Where is this pix shot from?  How did we miss that?  We were in the Springs and took the boat to DTD numerous times but I don't remember this scene anywhere and I thought the only rockers were out front of the Artist's Palette.


----------



## I Book He Pays

*notaclue:*
There are more rockers on the walking path by Congress Pool. This photo was taken inside the pool area by the tables/umbrellas looking toward DTD. When I was there last month there was a total of six rockers. Since that area is a smoking section the chairs were moved quite a bit to be close to the ash trays. Hope this helps.


----------



## nukker7

Man do I miss it......It's been a whole month since we have been there.  Gotta find a way to get back soon.


----------



## I Book He Pays

*nukker7:*
I agree with you 100 percent! I loved SSR, the surroundings, close to DTD, the openness, walking paths, water fountains, pools (CP was my favorite), villa layout, the CM's, etc. It was awesome and I did not want to leave after two weeks.
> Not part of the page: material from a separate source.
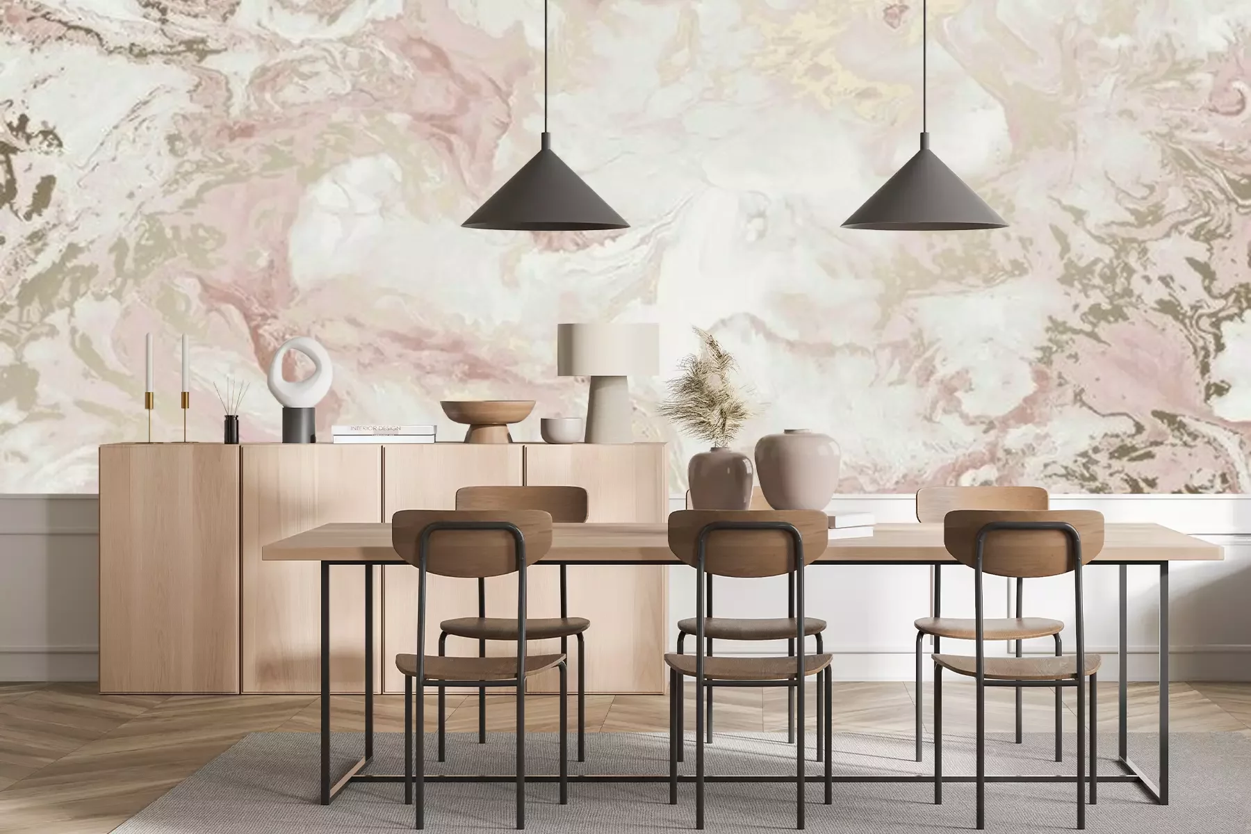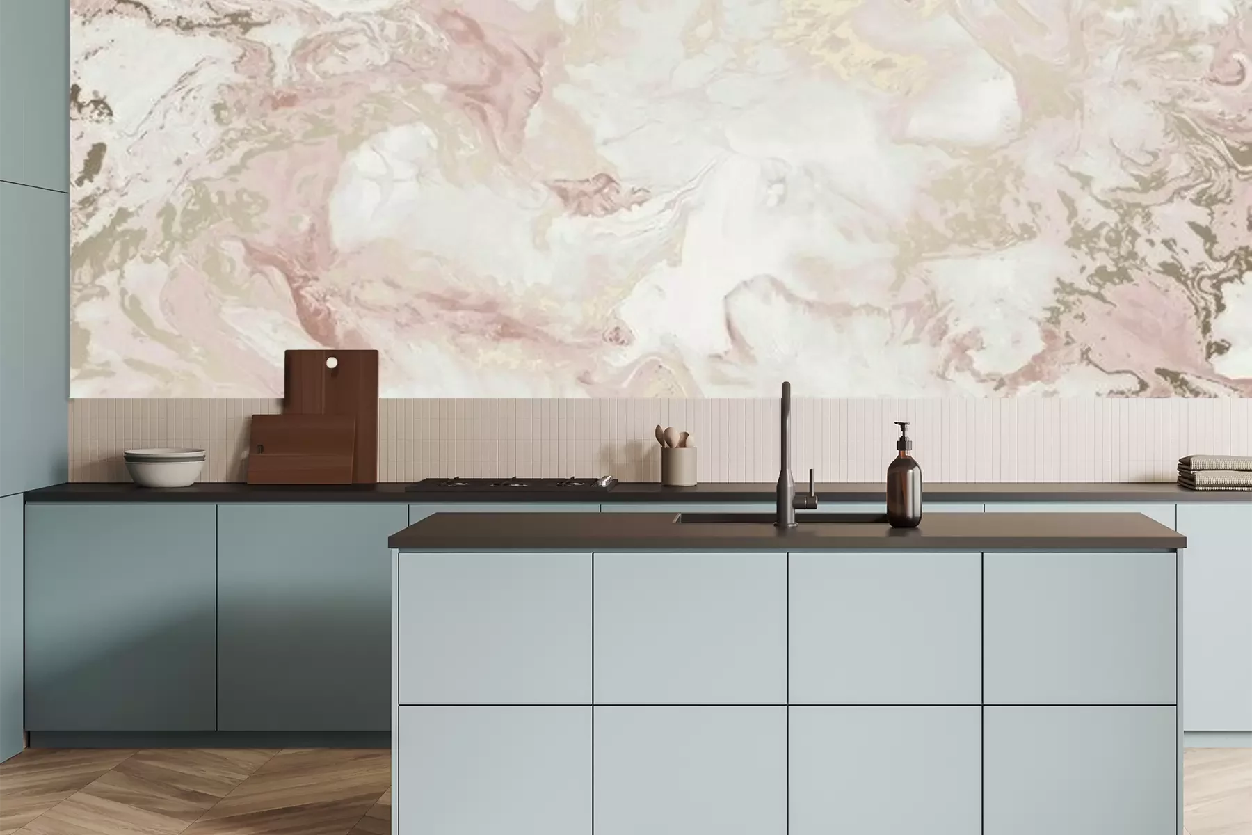Das Material Premium+ besteht aus einer strukturierten Vinyl-Oberschicht und einem Trägermaterial (Vlies) mit einer Grammatur von 255 g/m², das kleine Unebenheiten der Wand zuverlässig kaschiert. Die feine Sandstruktur verleiht der Oberfläche eine luxuriöse Haptik, während das halbmatte Finish die Tiefe der Farben betont. Das Material ist dampfdurchlässig – so kann diese Fototapete auch in Küchen und Badezimmern eingesetzt werden. Die maximale Breite einer Tapetenbahn beträgt 100 cm. Bei größeren Abmessungen besteht die Fototapete aus mehreren gleich großen Bahnen. Der Kleber wird direkt auf die Wand aufgetragen, und die Fototapete wird auf Stoß angebracht, was für einen ästhetischen Effekt ohne sichtbare Fugen sorgt. Die Oberfläche ist pflegeleicht und kann bei Bedarf sanft mit einem feuchten Tuch abgewischt werden.

Hope you get back there soon!


----------



## notaclue

After only 2 weeks home we are SO ready to go back.  We have 200 pts and will have another 200 in August and they are just 'burning a hole in my pocket'.  Totally fell in love with SSR.


----------



## wishicouldgomoreofte

OK, I know this is a "feel the love" thread, but is complaining forbidden?
Don't you all agree AP really needs a new way of ordering, paying, getting food?  It is a terrible system.
I haven't stayed there since the last two trips, but from what I read, it is still the same, true?
I tried to just get a cup of tomato mozzarella salad, which are premade and in the case.  A CM stands behind the case.  NO, can't ask her for it.  Go over there, stand in line, while others debate for 20 minutes what they will order, etc.  Of course, that happens everywhere, fine.  Order.  Go stand in line to pay over there.  The CM at the register is also ringing gift shop merchandise, etc, answering questions, etc.  Another 20 minutes.  Pay, get a buzzer.  Wait45 minutes while they cook the flatbreads and other orders put in ahead of mine.  (I am really mad at this point.)  Finally, my ticket comes up, and the CM reaches her hand in the case and gets my tomato mozzarella salad that has been there all this 85 minutes!!!!!  How much more rediculous can you get than that.  It could have just been handed to me 85 minutes earlier, but for that stupid system.
Doesn't it infuriate you all too?!!!


----------



## notaclue

Yeah it can be kind of a hassle and I keep bumping into people.  The gal at the cash register on our last visit said she usually works at OKW and she likes it better because they don't have to ring up food, but then OKW doesn't have a counter service either.  At least the food is pretty good at SSR; we loved their flatbreads (which I can't find at home).  Waiting 85 minutes for a premade salad is rediculous.  Was it even chilled?


----------



## Doug7856

wishicouldgomoreofte said:


> OK, I know this is a "feel the love" thread, but is complaining forbidden?
> Don't you all agree AP really needs a new way of ordering, paying, getting food?  It is a terrible system.
> I haven't stayed there since the last two trips, but from what I read, it is still the same, true?
> I tried to just get a cup of tomato mozzarella salad, which are premade and in the case.  A CM stands behind the case.  NO, can't ask her for it.  Go over there, stand in line, while others debate for 20 minutes what they will order, etc.  Of course, that happens everywhere, fine.  Order.  Go stand in line to pay over there.  The CM at the register is also ringing gift shop merchandise, etc, answering questions, etc.  Another 20 minutes.  Pay, get a buzzer.  Wait45 minutes while they cook the flatbreads and other orders put in ahead of mine.  (I am really mad at this point.)  Finally, my ticket comes up, and the CM reaches her hand in the case and gets my tomato mozzarella salad that has been there all this 85 minutes!!!!!  How much more rediculous can you get than that.  It could have just been handed to me 85 minutes earlier, but for that stupid system.
> Doesn't it infuriate you all too?!!!



I agree, AP needs some major design changes. It's been bad since day 1.


----------



## AirGoofy

We just eat at Turf Club and avoid AP.  It is not a good system.  If we want QS, we walk/ boat to DTD for Earl of Sandwich.  It is the best QS.  That is one of the perks of SSR - easy access to DTD.


----------



## Dizny Dad

Plusses and minuses everywhere!

I also think a better way could be found for AP, when it comes to _the paying _(but the food is great!).  _The getting _is about the same everywhere.  Roaring Fork at VWL is 1/3 the size, has only two registers, and is just as chaotic as AP in the mornings.  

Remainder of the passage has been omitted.